Finder's Fee

Crimes:

• Assembling a group of young actors (plus James Earl Jones and Robert Forster) for a stagy drama that revolves around a poker game, allowing for plenty of exaggerated guy's-guy chatter about excrement and sex

• Letting the always-grating Matthew Lillard mug like crazy, while his fellow poker players Erik Palladino, Ryan Reynolds, and Dash Mihok set their emotion controls to "mope"

• Trying to overcome the single-location story by having something contrived happen every goddamn minute

Defender: Writer-director Jeff Probst, co-story-creator and mentor Jim Gulian, and producer Katy Wallin-Sandalis

Tone of commentary: Endearingly enthusiastic, then self-congratulatory, then surprisingly pissy and profane. Probst says at the start, "We really want this [commentary] to encompass as many facets of making a movie as possible," so he begins by telling a lot of anecdotes about how he had the idea for the story while he was in a writing workshop, and how the script landed in the hands of Stephen Baldwin—which prompts Probst to do a not-bad Stephen Baldwin impression—which drew enough heat to get pre-production rolling. But about two-thirds of the way through the track, after he's praised everyone involved with getting the film made, Probst turns a corner and launches into a profanity-laden rant about his every petty Finder's Fee-related gripe, from his trouble getting the film distributed to his strained relationship with Palladino. ("Everyone knows we butted heads," Probst says, apparently speaking to the half-dozen people who were aware that the Survivor host had directed a movie.)

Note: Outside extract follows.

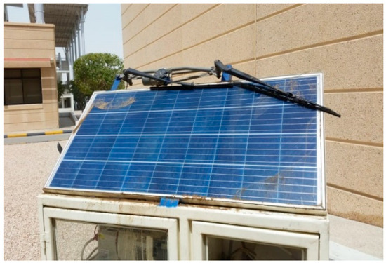 Figure 2 shows the installed solar panel together with the cleaning system. It is worth mentioning here that the cleaning rate, i.e., the time of movement of the cleaning components is measured and found to be 8 s. The amount of dust covering the solar panel triggered the cleaning system to start.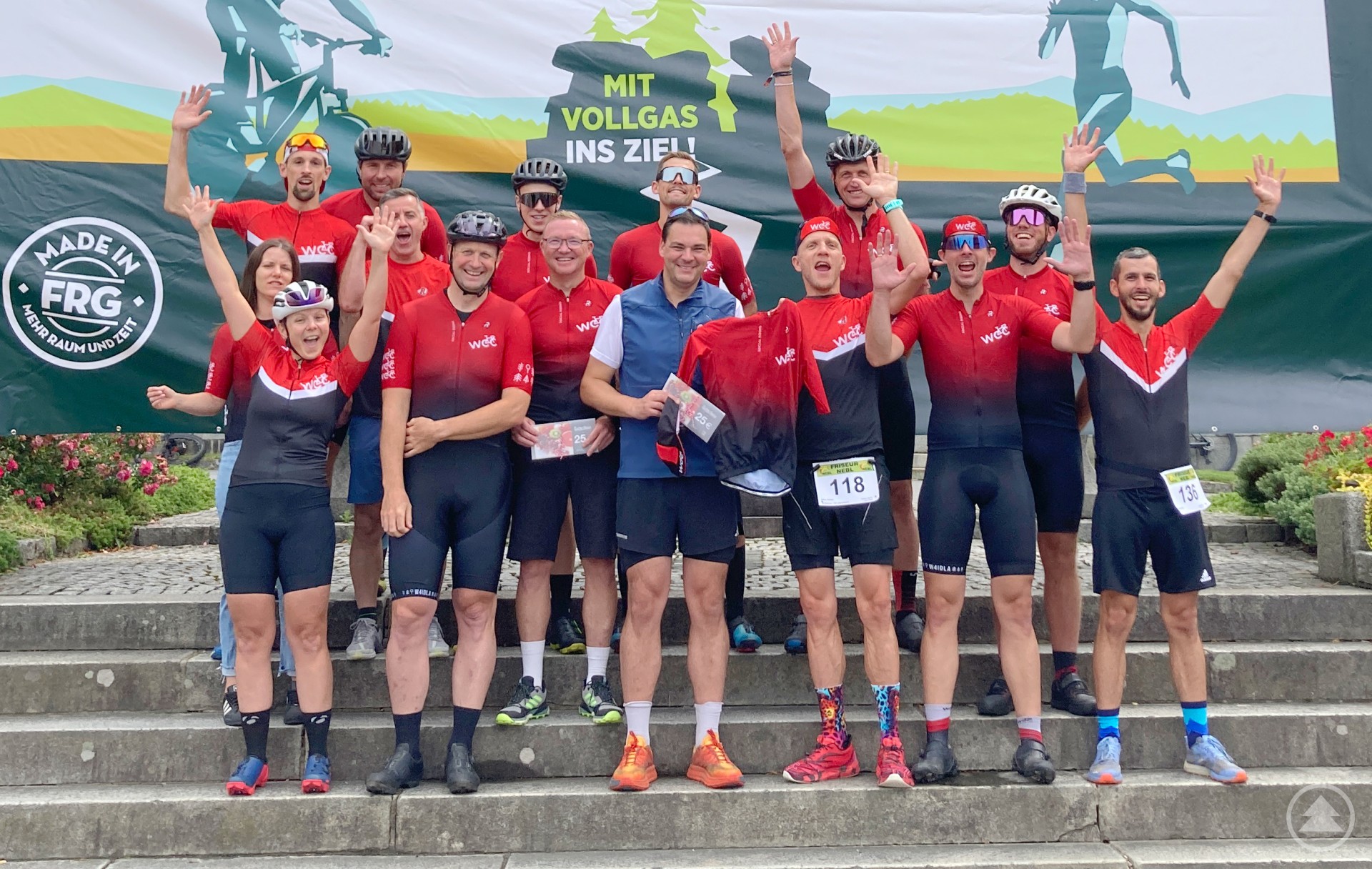 Die Gewinnerteams „Single-Speed“ und der „W4idla Cycling Club“ mit dem frisch ernannten Ehrenmitglied Landrat Sebastian Gruber (Mitte) freuen sich über ihre Bestleistungen beim diesjährigen Stadtradeln.

What went wrong: Probst got the green-light while he was in the middle of the first season of his better-known gig—"If you don't know, I host a show called Survivor," he helpfully says—and had to shoot before the second season started, which meant he had 17 days to guide a cast of seasoned professionals, nearly all of whom had suggestions about how the movie should go. "What was your lowest point?" Jim Gulian asks late in the track. Probst replies, "Every frickin' day," adding, "I don't think I took a shit the whole time I did this movie," and, "That set smelled! The actors smelled! The B.O. was worse than Survivor."

Comments on the cast: Probst was amazed that he landed Jones, saying, "If you're writing an older, heroic black guy, that's who you think of." But then he's generally—and kind of sweetly—amazed that any of these Hollywood stars and semi-stars were calling him up on the phone to talk about taking a part in this movie. (Probst, quoting Forster: "My daughter and I are watching that damn Survivor show. Hell of a show.") But he isn't too star-struck to talk about his younger cast members as though he was sitting with them at the poker table: "Lillard… I could kick his ass right now. And I have a busted leg."

Inevitable dash of pretension: Gulian on Probst's script: "You took the hero's journey and spun it on its head. It's the hero's journey into hell." Probst on Probst's script: "This movie is about truth. This movie is about finding out whether you're going to stand up and be a man and do the right thing, which is something I battle in my whole life every single day."

Commentary in a nutshell: "I used that Baldwin ticket to get me in so many doors."